Source material:
>>

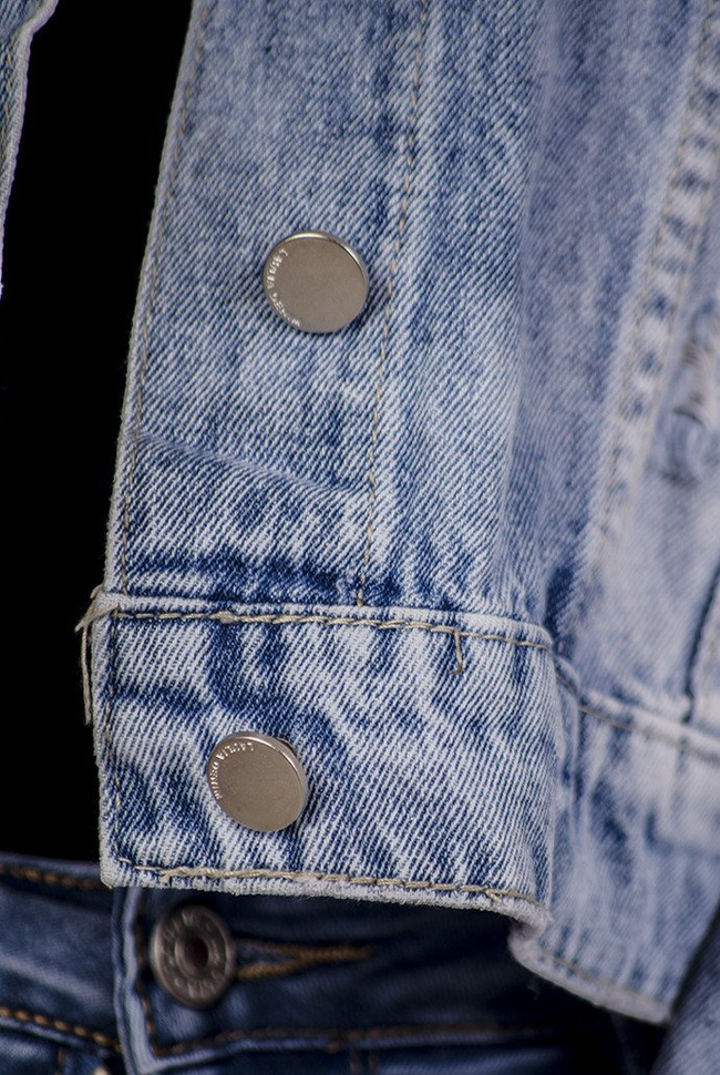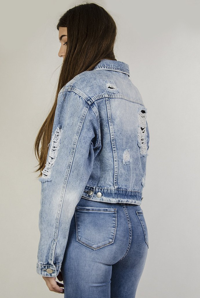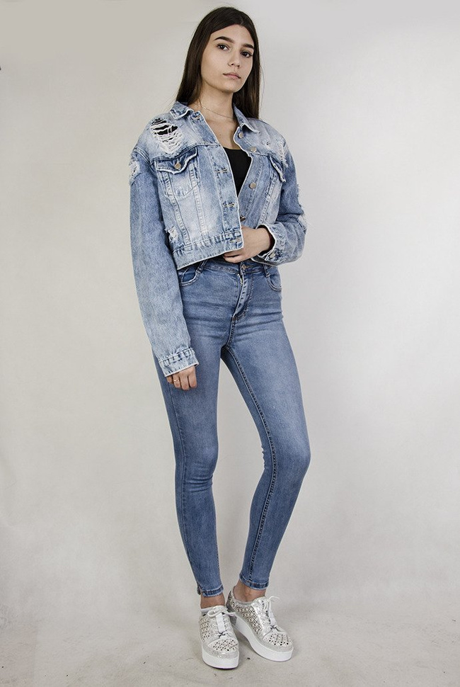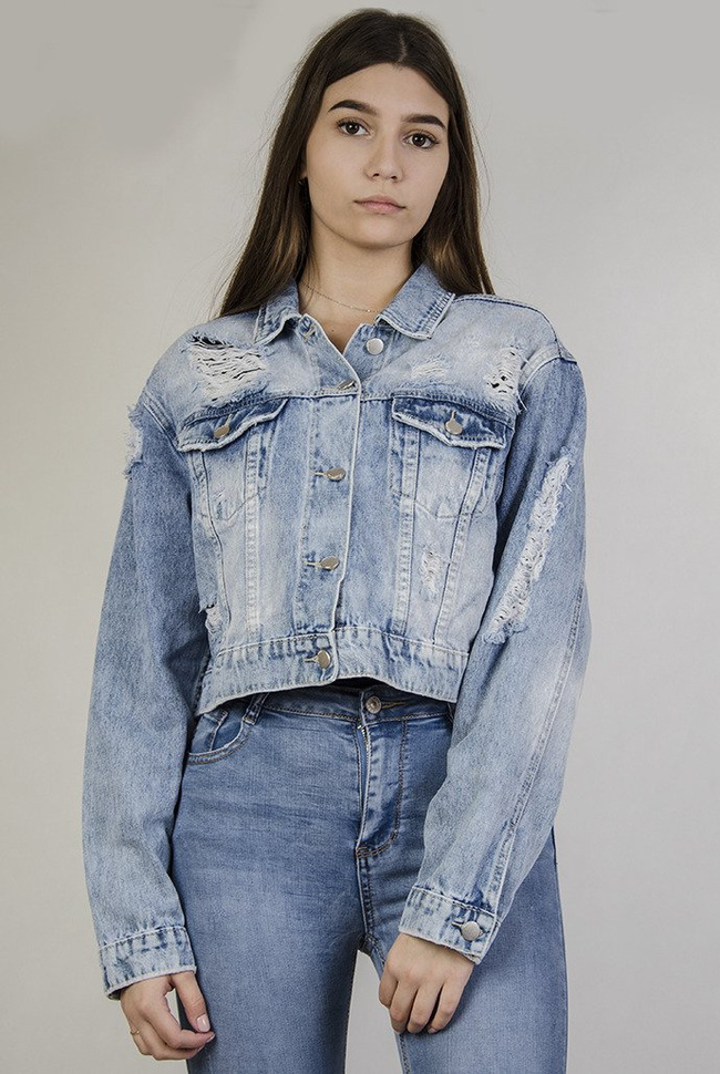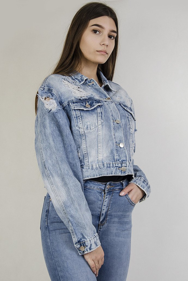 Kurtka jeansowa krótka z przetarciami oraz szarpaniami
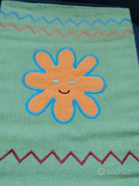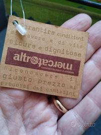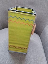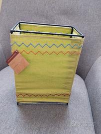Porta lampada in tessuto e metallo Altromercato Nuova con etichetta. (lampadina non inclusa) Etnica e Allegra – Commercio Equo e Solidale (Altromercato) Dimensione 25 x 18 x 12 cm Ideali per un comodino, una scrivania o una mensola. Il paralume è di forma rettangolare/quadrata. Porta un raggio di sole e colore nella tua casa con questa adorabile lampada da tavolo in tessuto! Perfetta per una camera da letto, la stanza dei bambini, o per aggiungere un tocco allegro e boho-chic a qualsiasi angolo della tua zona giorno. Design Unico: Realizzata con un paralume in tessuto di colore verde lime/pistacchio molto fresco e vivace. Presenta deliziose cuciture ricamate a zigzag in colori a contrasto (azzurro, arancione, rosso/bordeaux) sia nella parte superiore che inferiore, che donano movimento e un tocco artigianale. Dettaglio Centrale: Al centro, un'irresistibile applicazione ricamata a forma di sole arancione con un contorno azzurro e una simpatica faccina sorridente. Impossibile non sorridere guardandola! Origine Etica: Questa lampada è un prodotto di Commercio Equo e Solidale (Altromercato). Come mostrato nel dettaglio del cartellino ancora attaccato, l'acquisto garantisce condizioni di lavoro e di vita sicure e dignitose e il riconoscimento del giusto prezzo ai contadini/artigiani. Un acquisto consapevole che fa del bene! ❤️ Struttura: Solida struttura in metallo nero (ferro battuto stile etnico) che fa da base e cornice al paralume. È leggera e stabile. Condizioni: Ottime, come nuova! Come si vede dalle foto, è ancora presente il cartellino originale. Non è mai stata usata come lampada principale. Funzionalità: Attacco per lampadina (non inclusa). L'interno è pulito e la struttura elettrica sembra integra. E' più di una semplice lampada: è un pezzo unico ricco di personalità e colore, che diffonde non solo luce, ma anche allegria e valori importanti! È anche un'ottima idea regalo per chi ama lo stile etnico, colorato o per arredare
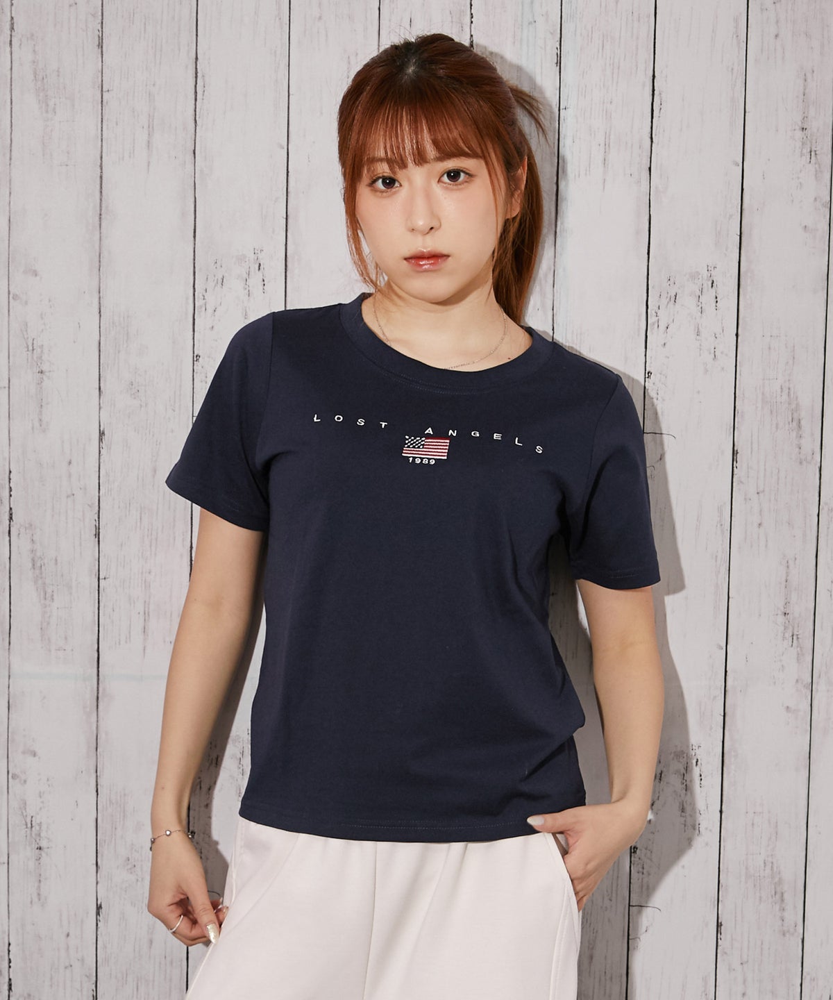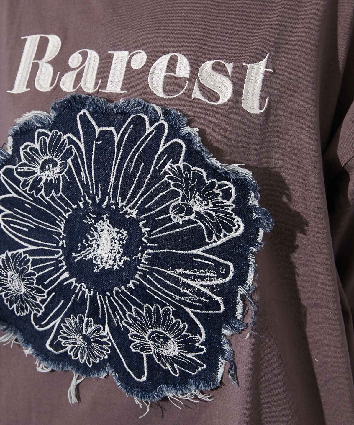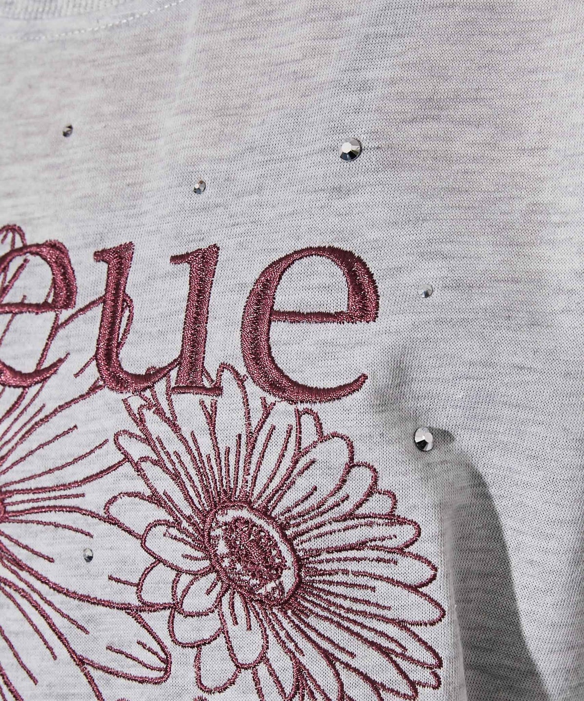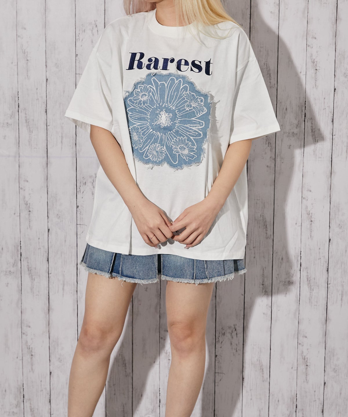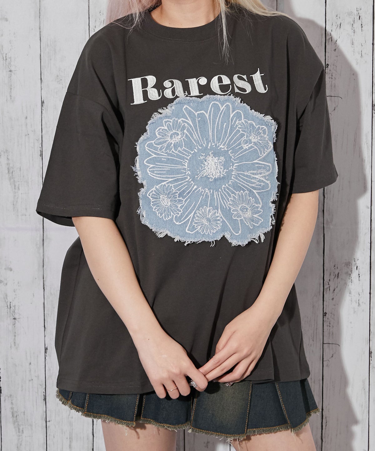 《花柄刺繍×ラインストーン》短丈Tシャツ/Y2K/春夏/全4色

<<

What the exercise asks: Copy out every line of the data exactly, leaving the images behind.

Solution to the exercise:
 Kurtka jeansowa krótka z przetarciami oraz szarpaniami
Porta lampada in tessuto e metallo Altromercato Nuova con etichetta. (lampadina non inclusa) Etnica e Allegra – Commercio Equo e Solidale (Altromercato) Dimensione 25 x 18 x 12 cm Ideali per un comodino, una scrivania o una mensola. Il paralume è di forma rettangolare/quadrata. Porta un raggio di sole e colore nella tua casa con questa adorabile lampada da tavolo in tessuto! Perfetta per una camera da letto, la stanza dei bambini, o per aggiungere un tocco allegro e boho-chic a qualsiasi angolo della tua zona giorno. Design Unico: Realizzata con un paralume in tessuto di colore verde lime/pistacchio molto fresco e vivace. Presenta deliziose cuciture ricamate a zigzag in colori a contrasto (azzurro, arancione, rosso/bordeaux) sia nella parte superiore che inferiore, che donano movimento e un tocco artigianale. Dettaglio Centrale: Al centro, un'irresistibile applicazione ricamata a forma di sole arancione con un contorno azzurro e una simpatica faccina sorridente. Impossibile non sorridere guardandola! Origine Etica: Questa lampada è un prodotto di Commercio Equo e Solidale (Altromercato). Come mostrato nel dettaglio del cartellino ancora attaccato, l'acquisto garantisce condizioni di lavoro e di vita sicure e dignitose e il riconoscimento del giusto prezzo ai contadini/artigiani. Un acquisto consapevole che fa del bene! ❤️ Struttura: Solida struttura in metallo nero (ferro battuto stile etnico) che fa da base e cornice al paralume. È leggera e stabile. Condizioni: Ottime, come nuova! Come si vede dalle foto, è ancora presente il cartellino originale. Non è mai stata usata come lampada principale. Funzionalità: Attacco per lampadina (non inclusa). L'interno è pulito e la struttura elettrica sembra integra. E' più di una semplice lampada: è un pezzo unico ricco di personalità e colore, che diffonde non solo luce, ma anche allegria e valori importanti! È anche un'ottima idea regalo per chi ama lo stile etnico, colorato o per arredare
 《花柄刺繍×ラインストーン》短丈Tシャツ/Y2K/春夏/全4色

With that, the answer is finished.